Yeah I could do that but I can't see the hard food being the 'issue' since this cat has been eating the same food for over 3 years, exactly the same hard food. This started up 'all of a sudden' it seems and she's never outside so I can't see it being ringworm or something but who knows. I'm going to take her in this Friday.

I'll find the link to the petfood after lunch here, can't find it on the net but it's a very popular brand in Canada.


----------



## Lisa 216 (Oct 25, 2004)

S2Steeda said:


> Yeah I could do that but I can't see the hard food being the 'issue' since this cat has been eating the same food for over 3 years, exactly the same hard food.


Even so, the cat could have developed an allergy to an ingredient in the food.

Here's some info I found on allergies from the LittleBigCat website. The article is by Dr. Jean, a vet and past member of this forum:

Food Allergies in Cats

By Jean Hofve, DVM

Cats often develop "food allergies" or "food intolerances" to ingredients found in commercial cat food. The top allergens are: chicken, fish and corn (very common cat food ingredients), beef (often referred to as "meat by-products" or "meat and bone meal" on pet food labels), wheat, and dairy products. However, an allergy can develop to any protein to which the cat is repeatedly or constantly exposed. 

The symptoms of food allergy are typically either skin-related or digestion-related. 

Skin symptoms include rashes (particularly around the face and ears), excessive licking (typically paws, legs or tummy), and red, itchy ears. 
Digestive symptoms include vomiting and diarrhea. 

Here's the link to the site and the full article: http://www.littlebigcat.com/index.php?a ... giesincats


----------



## S2Steeda (Oct 30, 2005)

Thank you so much for the information. I'll see how the next couple days go by. She seems really good today. 

The link to the cat food I use is below.....

http://www.nutrience.com/

http://www.nutrience.com/english/cat/c- ... e_3kg.html

The second link is the food I currently feed all my cats.


----------



## Lisa 216 (Oct 25, 2004)

I edited the title of the thread to mention possible allergies. Hopefully, some of our food gurus will jump in here!

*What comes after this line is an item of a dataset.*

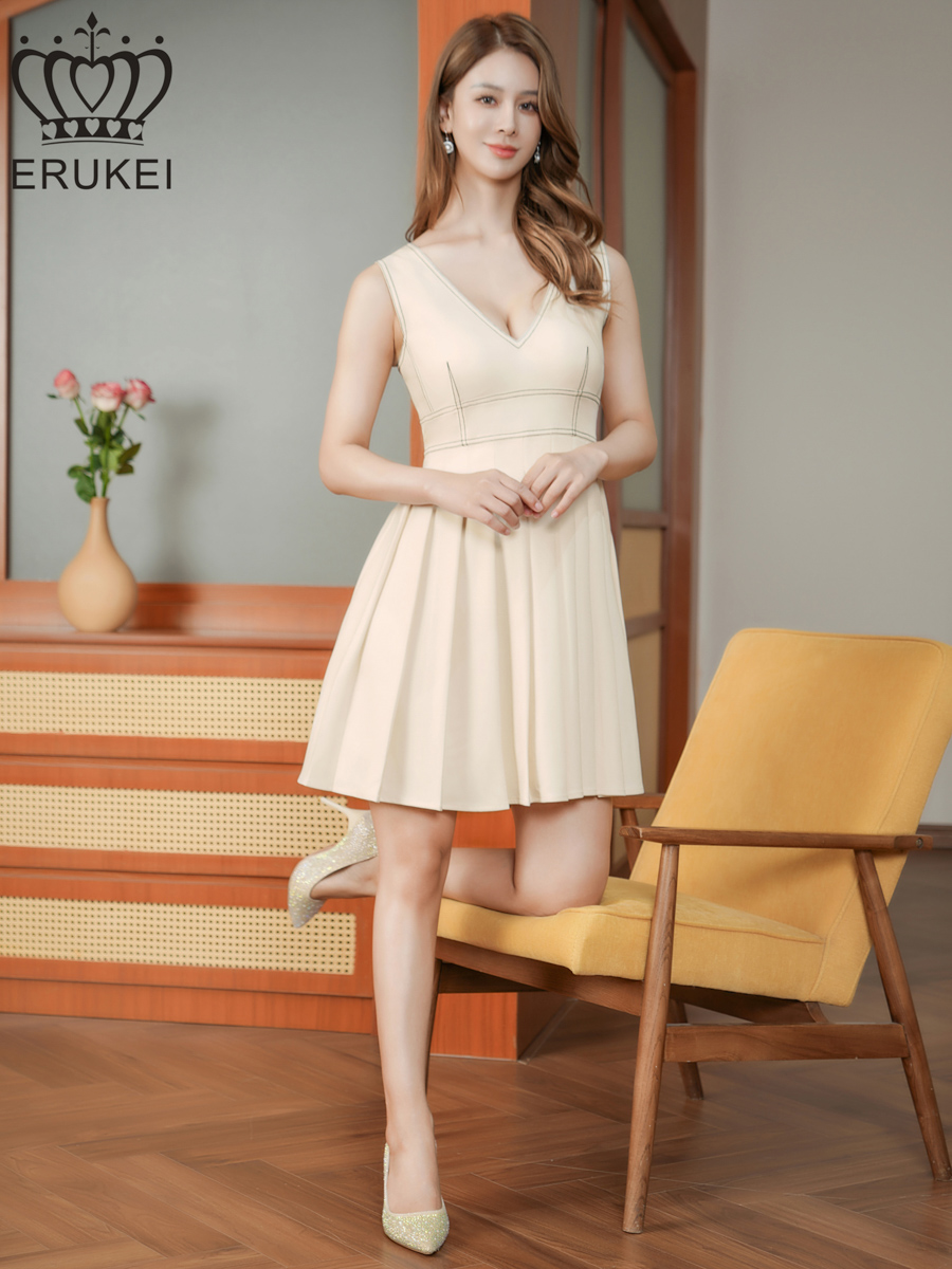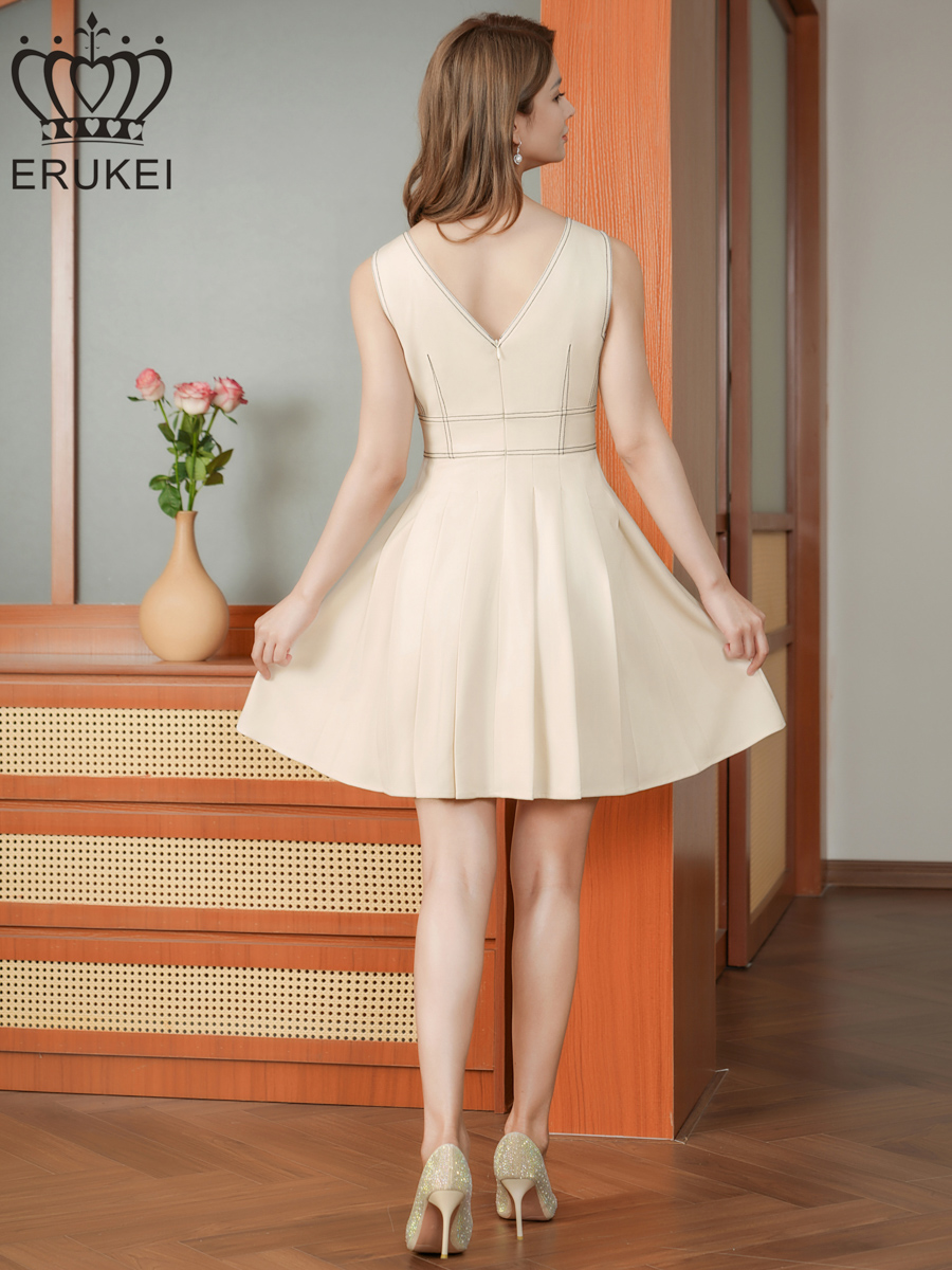 [ XS-Lサイズ / 1カラー][ERUKEI]ステッチ・Vネック・ノースリーブ・プリーツ・Aライン・ミニドレス・ワンピース[送料無料] [lk-e25116]

I'm glad to hear your kitty is doing better. That's the most important thing!!  

I notice that one of the main ingredients in the food is corn. Corn can cause problems in cats, such as allergies. I have also heard of issues relating to brewer's rice, though I can't remember what. The diet is worth considering as a possible cause. 

You didn't mention fleas in the house so I assume that's not an issue. And the other cats are fine as well?


----------



## S2Steeda (Oct 30, 2005)

No the house is immaculate, cleaned one a week, all leather furniture, etc. It's also a very nice place in one of the nicest neighbourhoods in the city and also the home is only 2 years old (brand new everything).

So no fleas or anything like that. 

I took a look at her bald spots again and it just looks like she's had her fur shaved off in those areas, no ittitation, etc.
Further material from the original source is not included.